Era tan grande y tan victoriana
como el resto de la residencia. Una enorme cama con techo y cortinajes y un
pesado ropero eran los muebles principales que la ocupaban. También había una
chimenea y en ella había sido encendido un fuego amable que con su alegría
atenuaba la lobreguez de la estancia.
Cuando Teófilo se fue
María Elena comunicó a su marido sus sospechas y sus temores. Bruno contestó
riendo:
—Estás en plena novela,
chata. Personajes ocultos, ruidos extraños, ¡todo un misterio! Pero en realidad
nada hay de raro o de temible en esta casa. Balvanera y su criado son un par de
viejos chochos e inofensivos. ¿Por qué les tienes miedo? Además, ¿no estoy yo
aquí?
—¡Te digo que algo nos
ocultan!
—Bueno, bueno.
Y Bruno, sin hacer caso
de las explicaciones de su esposa se dispuso a acostarse. Pero ella insistía:
Había allí una o dos personas de quienes Balvanera no les había hablado y una
de ellas, seguramente una mujer, se había quejado lastimeramente hacía unos
momentos.
Bruno manifestó:
—Ultimadamente, el viejo
no tiene obligación de ponernos al tanto de su vida privada. ¿No crees?
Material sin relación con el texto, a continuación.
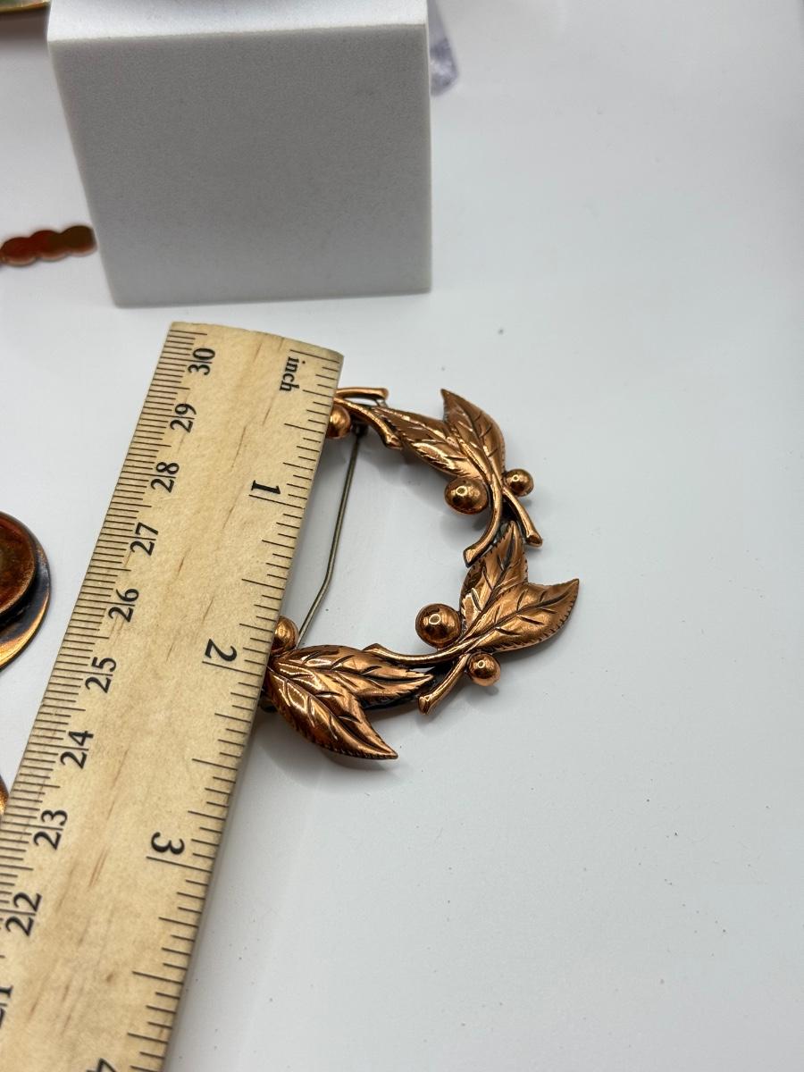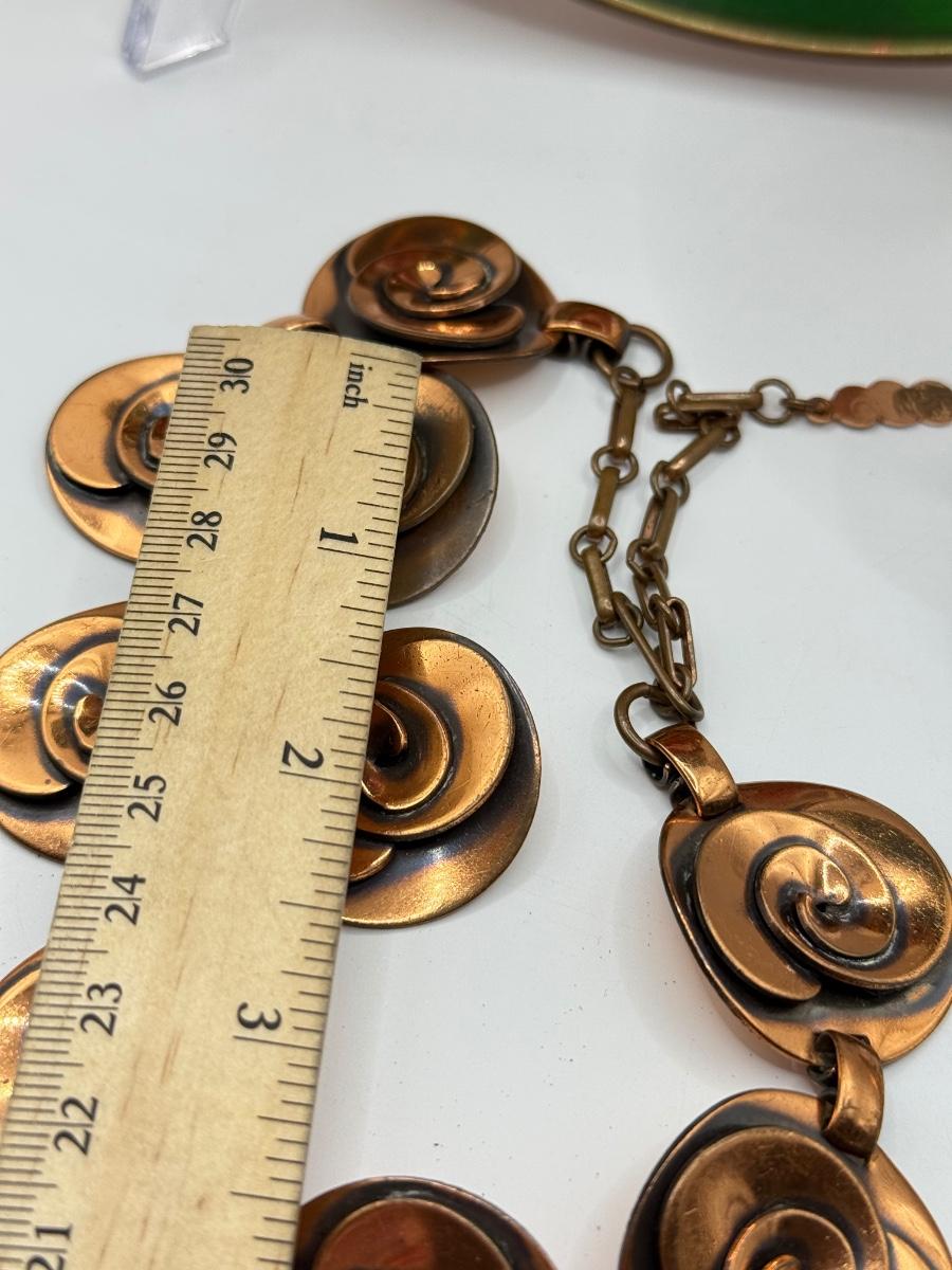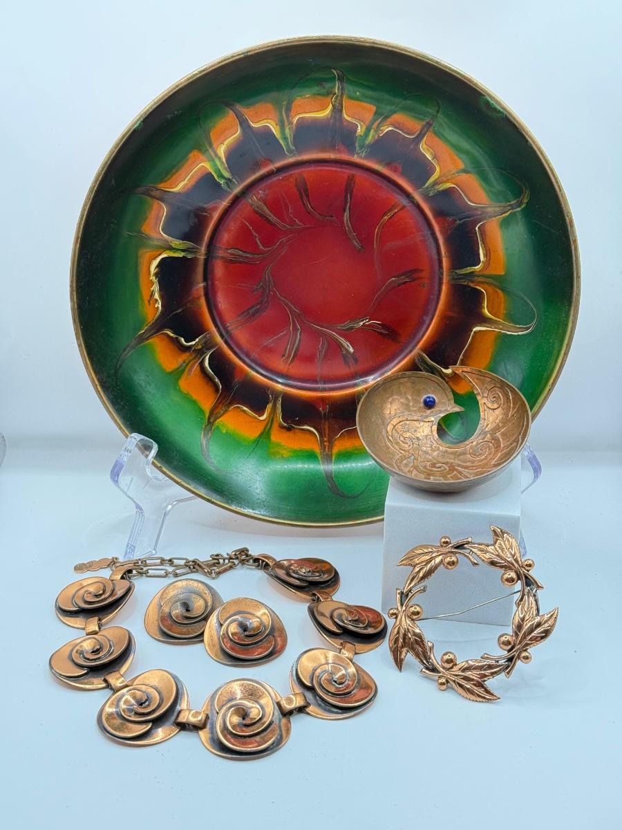 LOT 82Y: Copper Collection: Necklace w/ Earrings, Small Abstract Bird, Copper by Bell Pin & Bowl Hand Made in Greece

Bastante ha hecho con admitirnos en su casa.
Y para distraer la imaginación
de su mujer, preguntó:
—A propósito, ¿ya has
clasificado a Balvanera? ¿Qué cosa es?
María Elena sonrió con
orgullo y explicó:
—Pertenece al género de
los armarios, porque oculta pensamientos y sentimientos y porque éstos pueden
ser indistintamente útiles o nocivos…
—Como quien dice, un
ropero —comentó Bruno. Y se quedó dormido.
María Elena se vio
obligada a guardar para si sus teorías; exhaló su indignación en un suspiro y se
dispuso a su vez a acostarse.
Del piso bajo llegaron
hasta sus oídos las notas encabritadas de la «Danza del fuego». El viento de
fuera cedía ante el violento crepitar del armonio. ¿Sería Balvanera quien interpretaba
a Falla?
Aquella amalgama híbrida
de Dickens y Calderón de la Barca, de la reina Victoria y del Amor Brujo, ponía
en fuga el sueño de María Elena. Cuando la música cesó, sus temores volvieron.
Los ratones que corrían sobre el cielo raso la hicieron pensar en emboscados
murciélagos. Y una vez más, entonces más cerca, escuchó el gemido humano.
Inmediatamente después, una puerta se cerró con violencia y unos pasos apresurados
atravesaron el corredor del segundo piso.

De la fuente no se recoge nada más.